Required work
Skip pictures in the listing below; copy exactly the lines from the one with "- Tipologia das unidades: 2 DORMS. - 32M²" through the one with "[대학저널 백두산 기자]", inclusive.

Supplied data
==============================

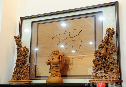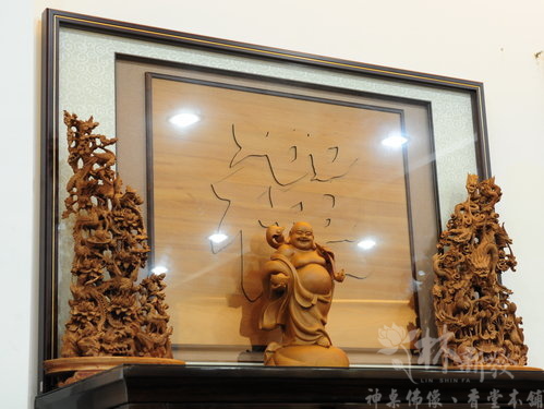中間放的那尊是尺六樟木雕刻如意歡喜彌勒,還有我們收藏的檀香木作品-九龍爭珠、九鳳朝丹!
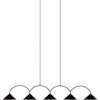 Curve 5 pendel fra Globen Lighting med et stilrent design og et nedadgående lys perfekt til placering over køkkenborde, køkkenøer, i mødelokaler og på kontorer. Den har geometriske former med trekantede lampeskærme og bløde, afrundede buer. Den er fremstillet af lakeret metal.
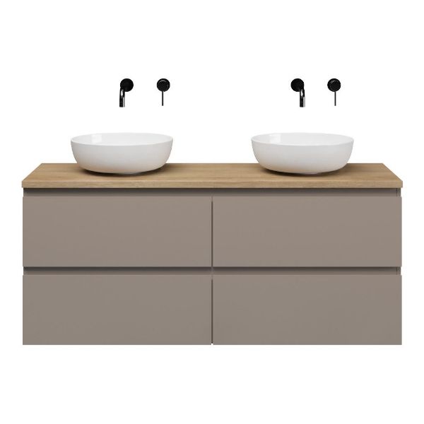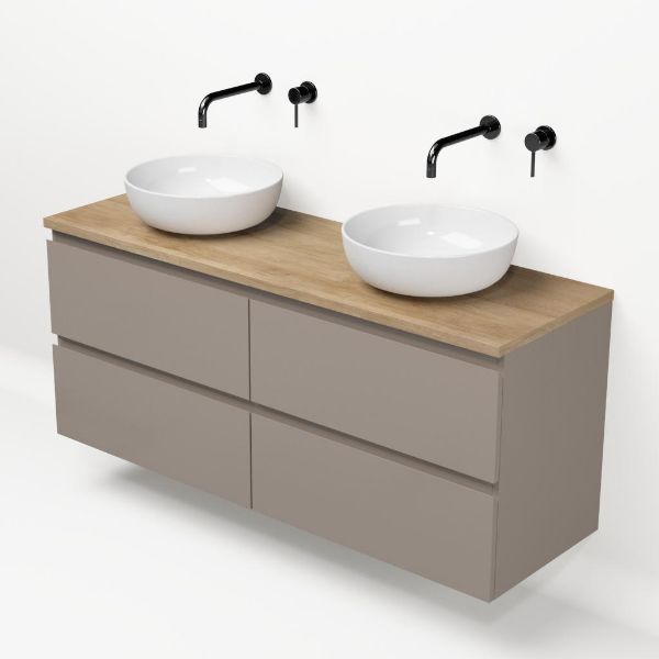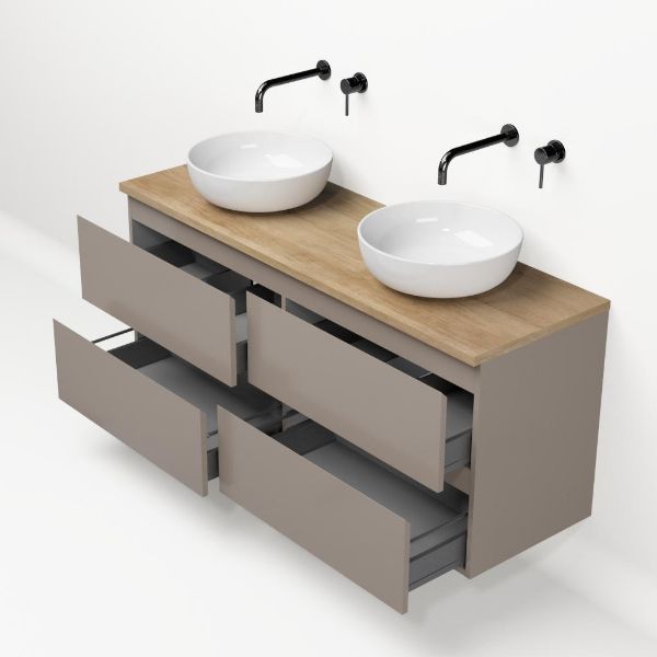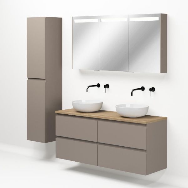 | | Bellanti Gisella/Lamina badmeubel 140x46cm 4 laden taupe greeploos met afdekblad 2.5cm dikte olm - exclusief waskom : waskom naar keuze |
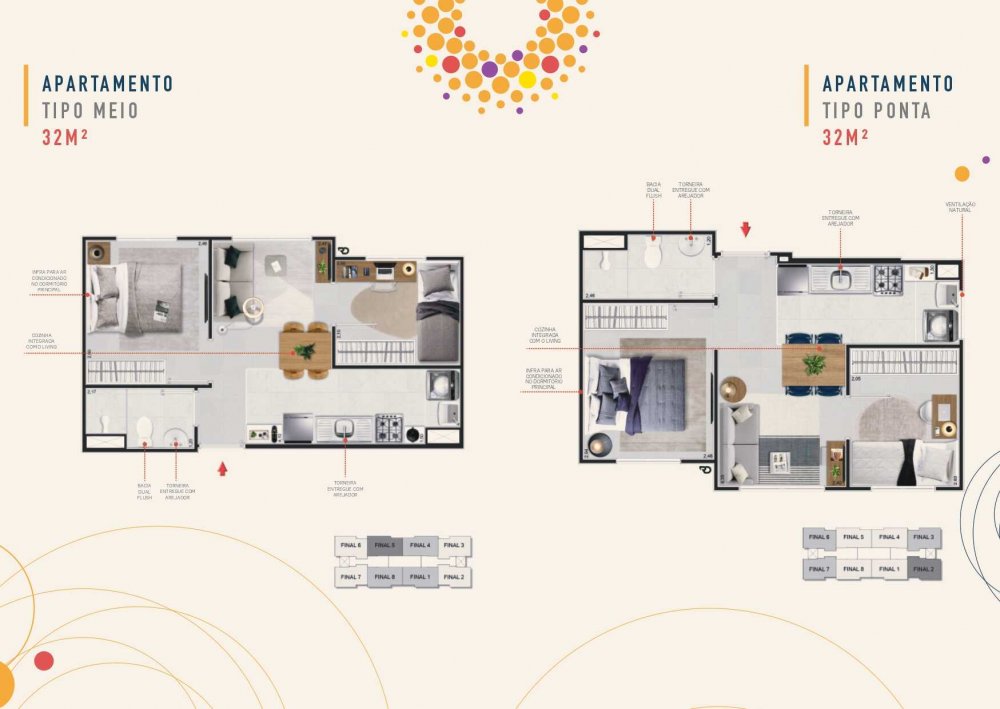 - Tipologia das unidades: 2 DORMS. - 32M²
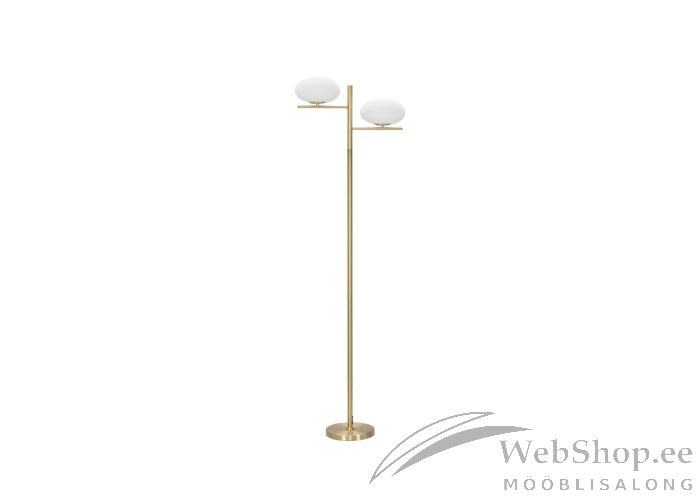 Stiilne ja omapärase disainiga põrandalamp. Kulla tooni metallist raam ja valget värvi klaasist kuppel. Lambile sobivad elektripirnid 2x max 40W, sokliga E14.
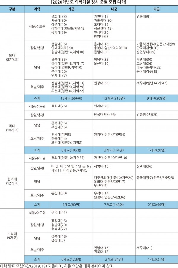 [대학저널 백두산 기자] 2020학년도 정시모집에서 의학계열은 정원내 기준(수시 이월 미포함)으로 의대 1,093명, 치대 240명, 한의대 294명, 수의대 178명을 선발한다. 지난해까지 의학전문대학원이 학부 체제로 전환하면서 의대 모집정원이 크게 증가했으나 올해는 변동 없이 지난해와 비슷한 수준으로 선발한다. 정시 선발 인원은 지난해와 비교해 의대와 치대는 별 차이가 없으며 한의대 중에는 상지대와 우석대가, 수의대 중에는 경상대가 수시 선발 비율이 늘면서 한의대는 28명, 수의대는 17명이 줄었다. 올해 가톨릭관동대 의대가 모집 군을 가군에서 다군으로 변경하면서 상대적으로 지원할 만한 대학이 적은 다군에서 학생의 선택폭이 넓어졌다. 수도권 의대는 가/나군에 몰려있는 반면 지방 의대는 가/나/다군에서 고르게 선발한다. 치대는 가군, 한의대는 나군에 몰려있는 편이며, 수의대는 거의 모든 대학이 가군에서 선발한다.
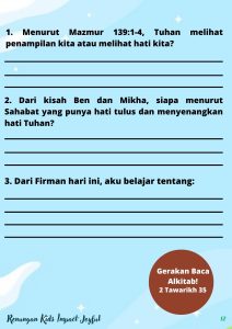 Sahabat, sering kali kita hanya melihat dari luar—baju yang bagus, sepatu keren, atau rambut yang rapi. Tapi Tuhan tidak seperti itu. Tuhan tidak melihat siapa yang paling keren, paling cantik, atau paling rapi. Yang Tuhan lihat adalah hati kita. Mazmur 139 berkata bahwa Tuhan sudah tahu isi hati kita bahkan sebelum kita berbicara. Artinya, Tuhan benar-benar mengenal siapa diri kita sebenarnya.
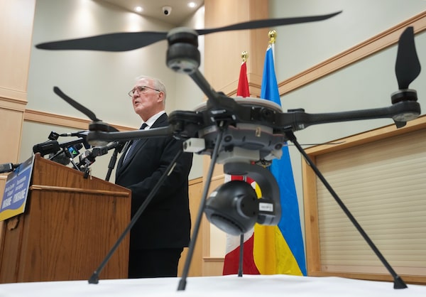 Bill Blair, Minister of National Defence, makes an announcement regarding additional SkyRanger R70 drone support to Ukraine, in Toronto, on Feb. 19.Nathan Denette/The Canadian Press
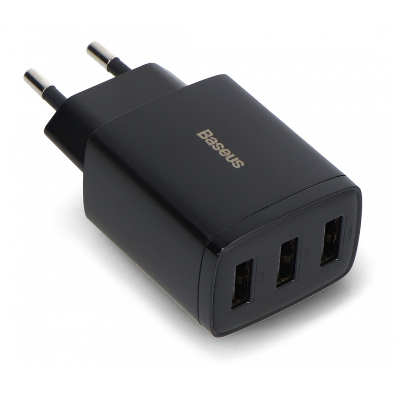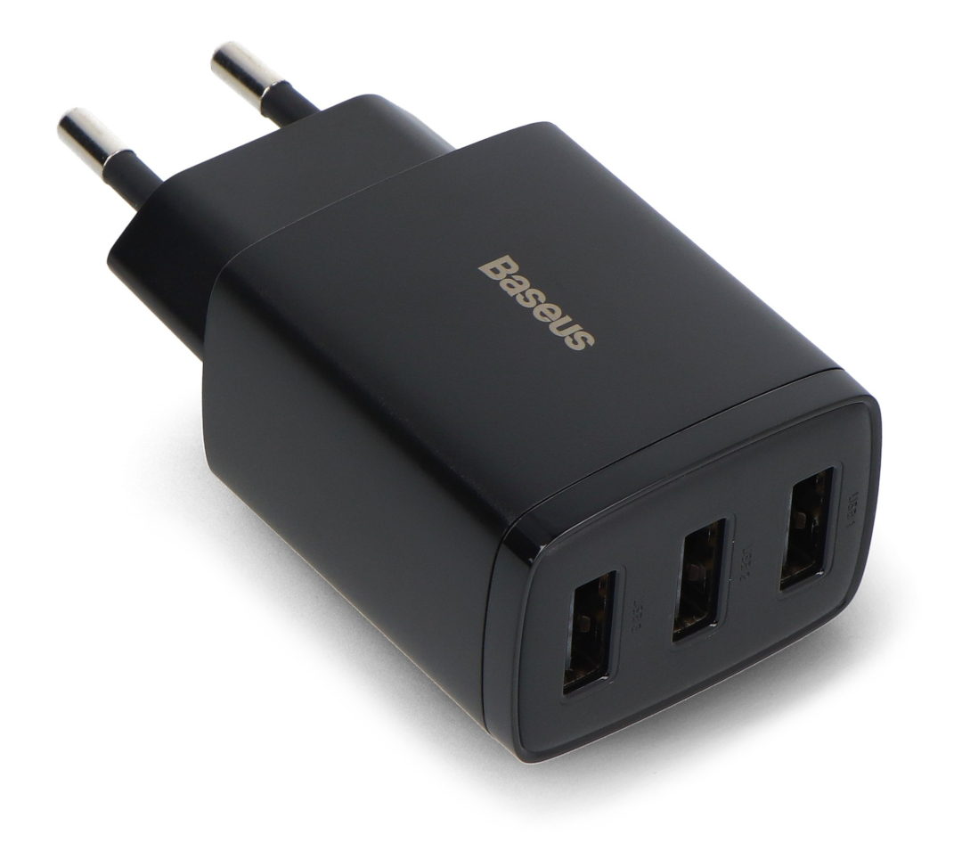 Opis produktu: Zasilacz Baseus Compact Quick Charger 3 x USB-A - 5 V / 3,4 A 17 W - czarny
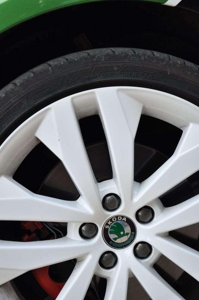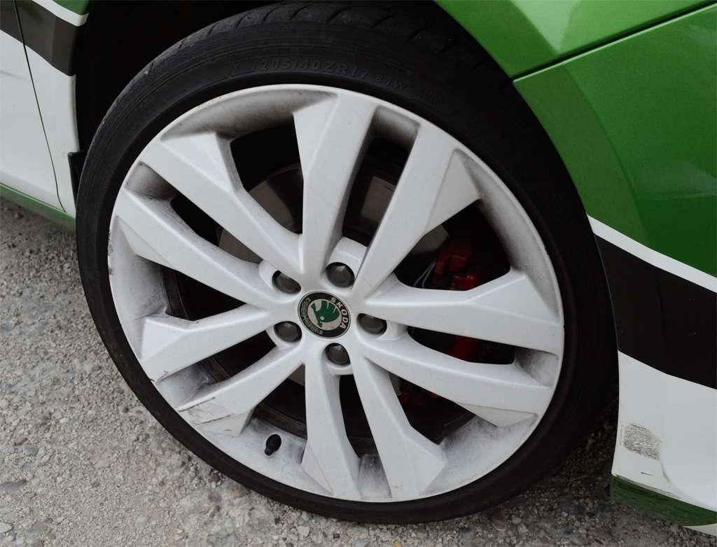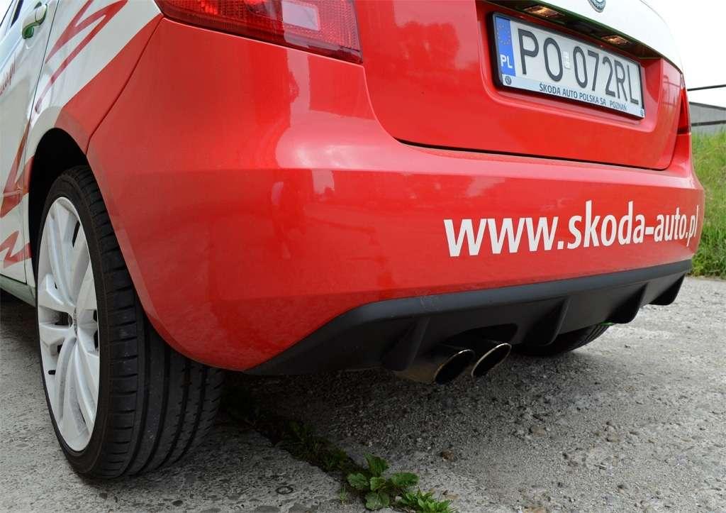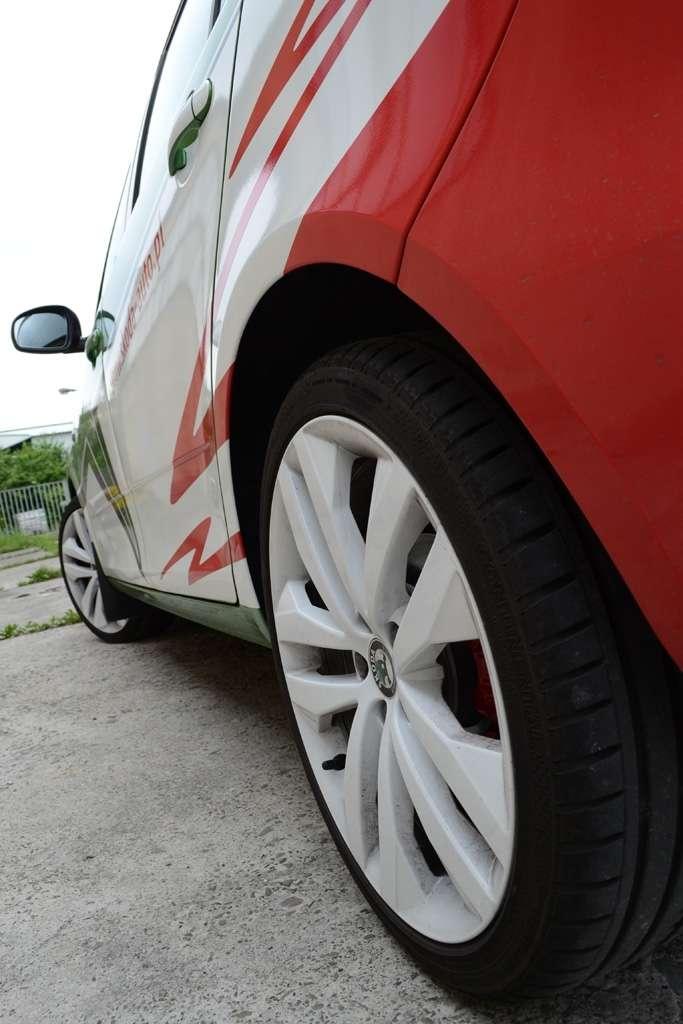 Testowe auto mocno wyróżnia się z tłumu za sprawą oklejenia, przypominającego rajdowe odmiany S2000. Jest to limitowana wersja i samochodów w takiej kolorystyce będzie wyprodukowanych tylko 200, a szkoda, bo auto na drodze zwraca uwagę zarówno innych kierowców, jak i przechodniów. Ta odmiana posiada dodatkowo białe felgi, maskę i dach, przy czym na dachu i masce dumnie widnieje logotyp Skody. Nie martw się jednak, jeśli nie zdążysz kupić jednej z tych 200 Fabii - już zwykła Fabia RS ma bowiem 17-calowe alufelgi z oponami o profilu 40, czerwone zaciski na hamulcach, podwójną końcówkę układu wydechowego i dyfuzor z tyłu. Te elementy wraz z emblematem RS na atrapie chłodnicy i klapie bagażnika jednoznacznie mówią, że mamy do czynienia z czymś więcej, niż ze zwykłym miejskim samochodem.

==============================

Exercise output
 - Tipologia das unidades: 2 DORMS. - 32M²
 Stiilne ja omapärase disainiga põrandalamp. Kulla tooni metallist raam ja valget värvi klaasist kuppel. Lambile sobivad elektripirnid 2x max 40W, sokliga E14.
 [대학저널 백두산 기자] 2020학년도 정시모집에서 의학계열은 정원내 기준(수시 이월 미포함)으로 의대 1,093명, 치대 240명, 한의대 294명, 수의대 178명을 선발한다. 지난해까지 의학전문대학원이 학부 체제로 전환하면서 의대 모집정원이 크게 증가했으나 올해는 변동 없이 지난해와 비슷한 수준으로 선발한다. 정시 선발 인원은 지난해와 비교해 의대와 치대는 별 차이가 없으며 한의대 중에는 상지대와 우석대가, 수의대 중에는 경상대가 수시 선발 비율이 늘면서 한의대는 28명, 수의대는 17명이 줄었다. 올해 가톨릭관동대 의대가 모집 군을 가군에서 다군으로 변경하면서 상대적으로 지원할 만한 대학이 적은 다군에서 학생의 선택폭이 넓어졌다. 수도권 의대는 가/나군에 몰려있는 반면 지방 의대는 가/나/다군에서 고르게 선발한다. 치대는 가군, 한의대는 나군에 몰려있는 편이며, 수의대는 거의 모든 대학이 가군에서 선발한다.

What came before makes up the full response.